The definition of Barrett esophagus (BE) has evolved considerably over the past 100 years. In 1906, Tileston, a pathologist, described several patients with "peptic ulcer of the oesophagus" in which the epithelium around the ulcer closely resembled that normally found in the stomach. The debate for the next 4 decades centered on the anatomical origin of this mucosal anomaly.
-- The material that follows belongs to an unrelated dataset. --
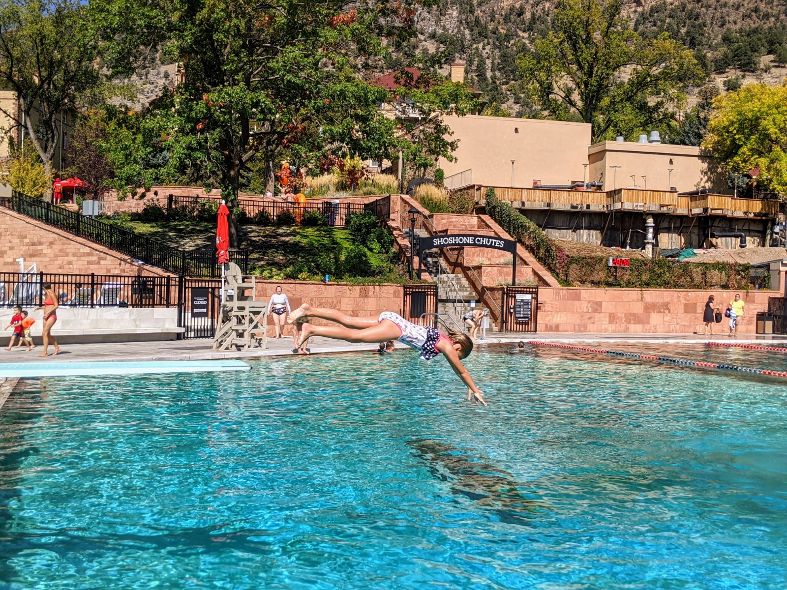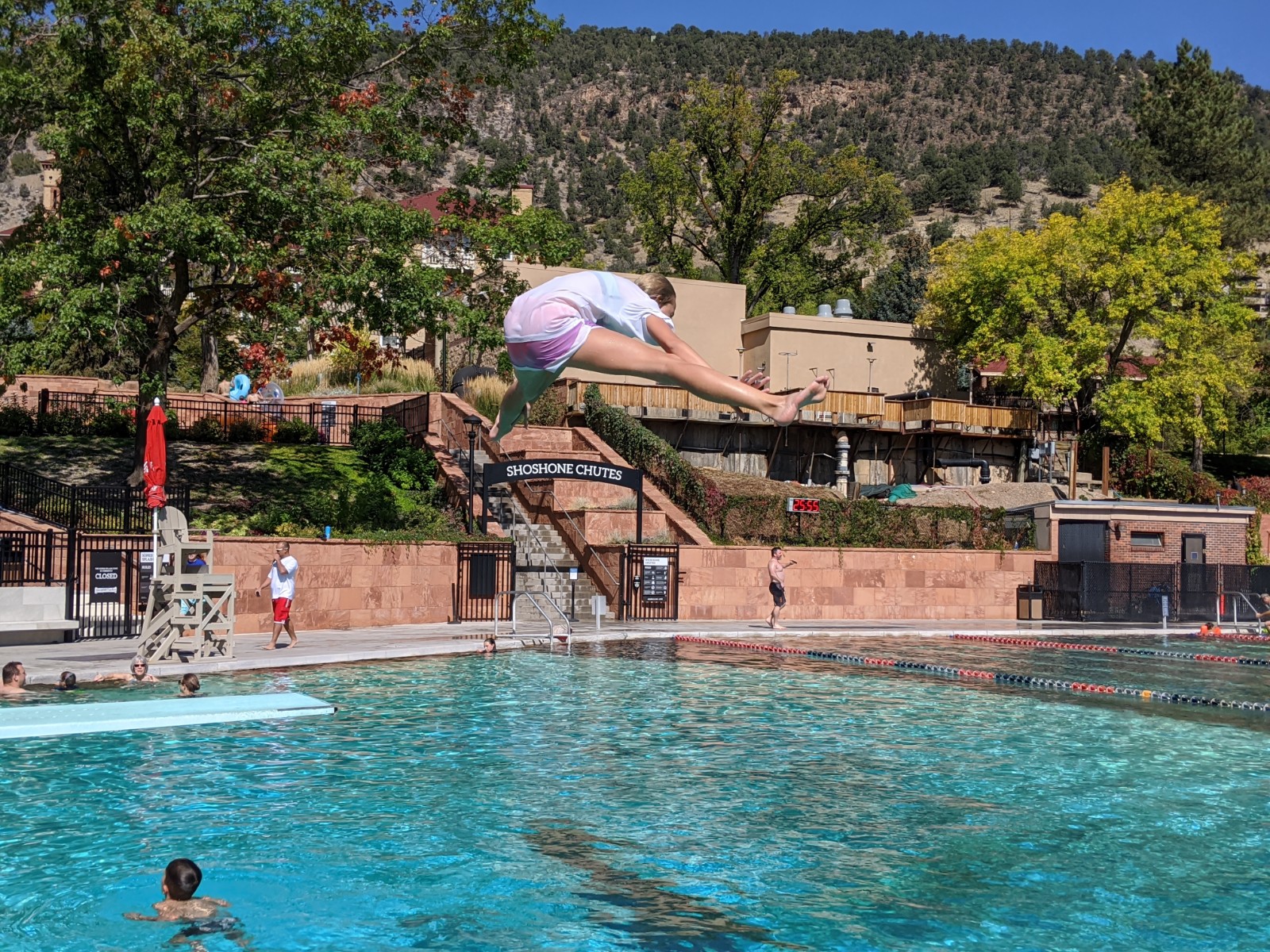 With the winter chill just around the corner, we decided to get a season pass to the Glenwood Springs Hot Springs and bask in the 90° water while the snow flies around us. The springs have been continually operating since 1888 and have 15 naturally occurring minerals which are known for their healing benefits. The native Americans called the water “Yampah” which translates to Big Medicine. The Hot Springs resort is nestled between gorgeous mountains and includes the world’s largest hot springs pool complete with diving board, a spa kept at 104° for the really chilly nights, a lazy river, and a kids play area with a waterfall, water slides, and fountain.

Many investigators, including Barrett in his treatise published in 1950, supported the view that this ulcerated columnar-lined organ was, in fact, the stomach tethered within the chest by a congenitally short esophagus.1
In 1953, Allison and Johnstone argued that the columnar organ was more likely esophagus because the intrathoracic region lacked a peritoneal covering, contained submucosal glands and muscularis propria characteristic of the esophagus, and could harbor islands of squamous cells within the columnar segment.2 In 1957, Barrett agreed and suggested that the condition that bears his name be referred to as "lower esophagus lined by columnar epithelium."3 For the next 2 decades, descriptions of the histology of Barrett esophagus varied considerably from acid-secreting, fundic-type epithelium to intestinal-type epithelium with goblet cells.
Finally, in 1976, Paull et al published a report on the histologic spectrum of Barrett esophagus in which they used manometric guidance for their biopsies.4 These patients had 1 or a combination of 3 types of columnar epithelium—a gastric fundic-type, a junctional type, and a distinctive type of intestinal metaplasia the investigators called "specialized columnar epithelium." This specialized intestinal metaplasia (SIM), complete with goblet cells, has become the sine qua non for the diagnosis of Barrett esophagus.
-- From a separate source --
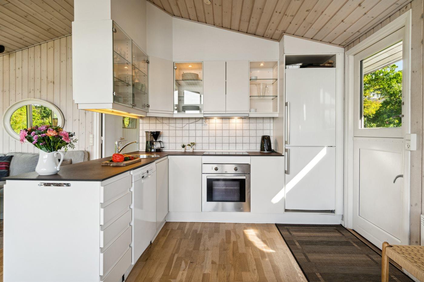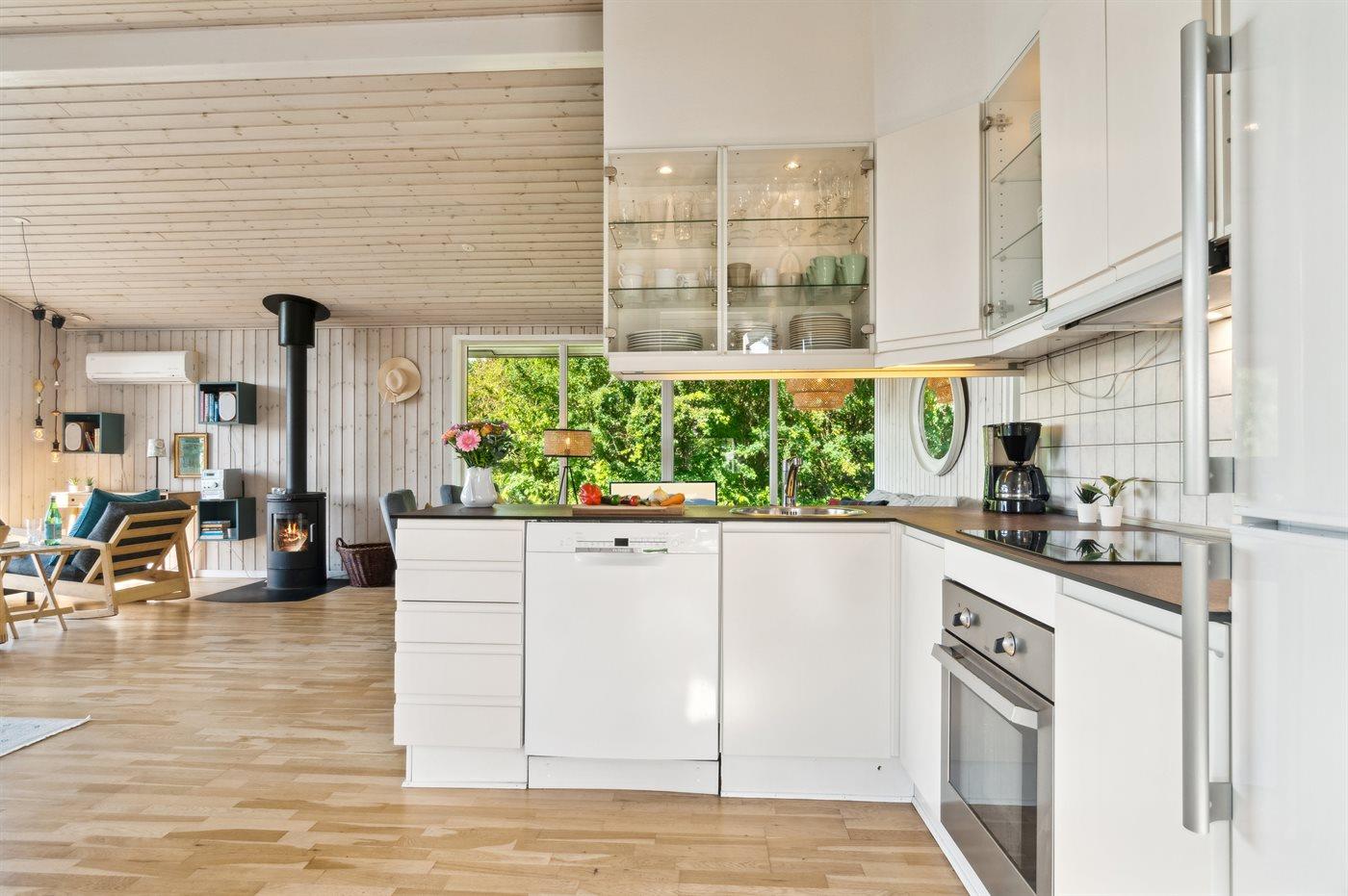Køkkenet er udstyret med 1 køleskab. Der er 4 keramiske kogeplader, varmluftovn samt opvaskemaskine.

While the histologic lesion became clearly evident, the endoscopic definition of Barrett esophagus has continued to change over the past 25 years. Many people believed that the distal esophagus could contain a normal region of columnar mucosa. In addition, determining the exact location of the esophagogastric junction (EGJ) in patients with Barrett esophagus often is difficult. To avoid false-positive diagnoses, investigators selected arbitrary lengths of columnar-lined esophagus to establish a diagnosis for their studies. Eventually, community endoscopists embraced this practice and biopsy of this so-called normal distal columnar-lined esophagus was avoided.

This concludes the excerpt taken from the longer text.